Libyen und Sudan wichtiger Unterstützer

Wenn der Bericht stimmt, waren ausgerechnet Libyen unter Muammar al-Gaddafi und Sudan unter seinem international geächteten Präsidenten Omar al-Bashir die wichtigsten Geldgeber der Übergangsregierung in Mogadischu, die als Bollwerk des Westens gegen Somalias islamistische Shabaab-Kämpfer gilt.

Der Prüfbericht weist monatliche Zahlungen aus Tripoli und Khartum von zwei beziehungsweise einer Million Dollar an Mogadischu aus, die nirgends verbucht sind. Die Regierung lässt sich derweil militärisch von Eingreiftruppen der AU (Afrikanische Union) mit Unterstützung der EU und der USA verteidigen.

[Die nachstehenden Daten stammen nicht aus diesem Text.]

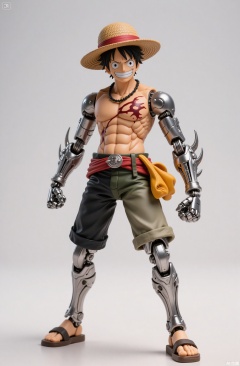 1boy, monkey d. luffy, abs, male focus, straw hat, black hair, hat, smile, scar, belt, sandals, clenched hands, muscular, teeth, looking at viewer, full body, shorts, mechanical arms, topless male, black eyes, solo, open mouth, pectorals
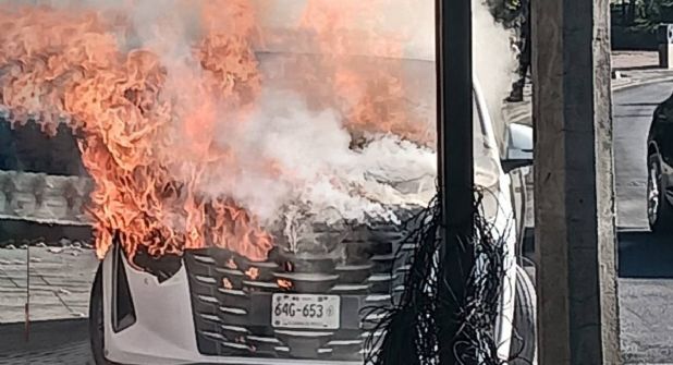 Los reportes preliminares indicaron que elementos del Heroico Cuerpo de Bomberos lograron controlar el incendio de una camioneta eléctrica de color blanco a la altura de Grupo Radio Centro.
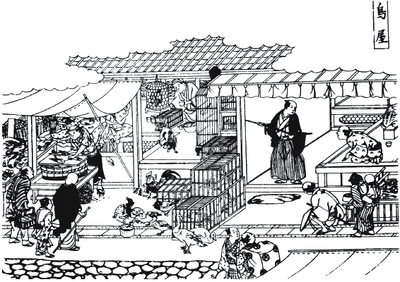 Рис. 2. Самурай у торговца домашней птицей. Он выходит из лавки и вкладывает в ножны свой большой меч, который вытаскивал, чтобы удобно было сидеть, пока он улаживал свои дела с владельцем лавки. Последний подобострастно провожает гостя из помещения на улице; у лавки слуга самурая в кимоно, подоткнутом сзади за пояс, терпеливо поджидает своего хозяина.
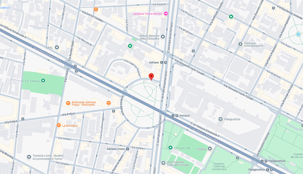 In zona Cit Turin, vicino alla stazione ferroviaria Porta Susa, di fronte al Palazzo di Giustizia e comodo alla metropolitana, ai servizi primari e secondari.
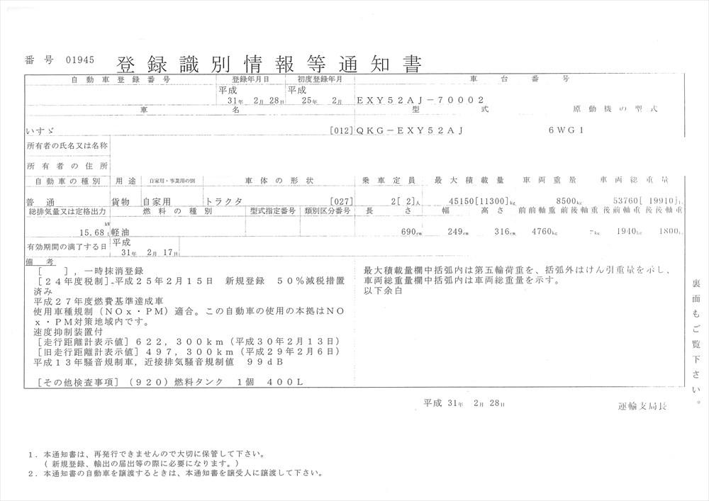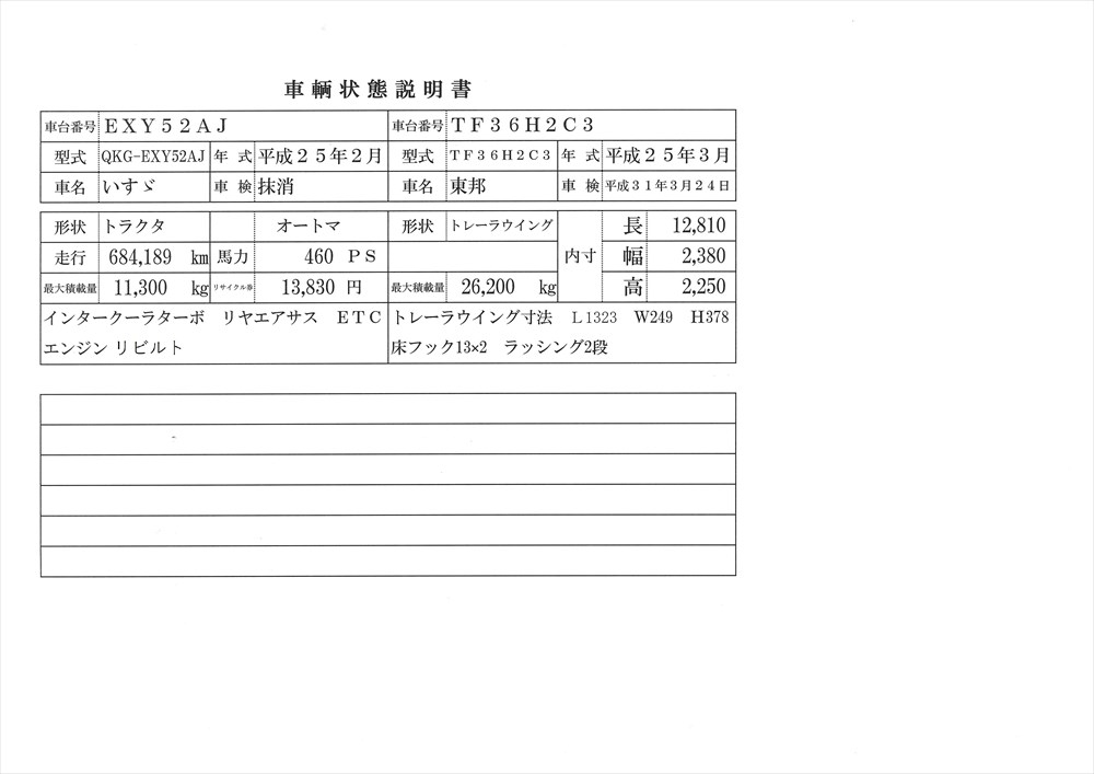 | コメント | AC PS PW ABS エアバック インタークーラターボ リヤエアサス ETC トレーラウイング寸法 Ⅼ12810 W2380 H2250 床フック13×2 ラッシング2段 保障なし 価格のお問い合わせは、090-3156-0406(名輸自動車・ナカヤ)まで。 |
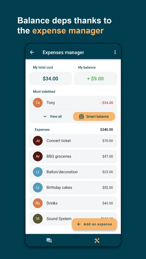 - Expense Manager with Automatic Balancing: Track expenses and automatically balance fees among participants.

Eigentlich sollte das Übergangsparlament in Mogadischu den Prüfbericht vergangene Woche diskutieren. Der Parlamentspräsident nahm den Bericht kurzfristig von der Tagesordnung, berichteten somalische Medien. Der Autor des Berichts lebt mittlerweile in Kenia. Der Premierminister, in dessen Auftrag der Bericht erstellt wurde, verlor im Juni sein Amt.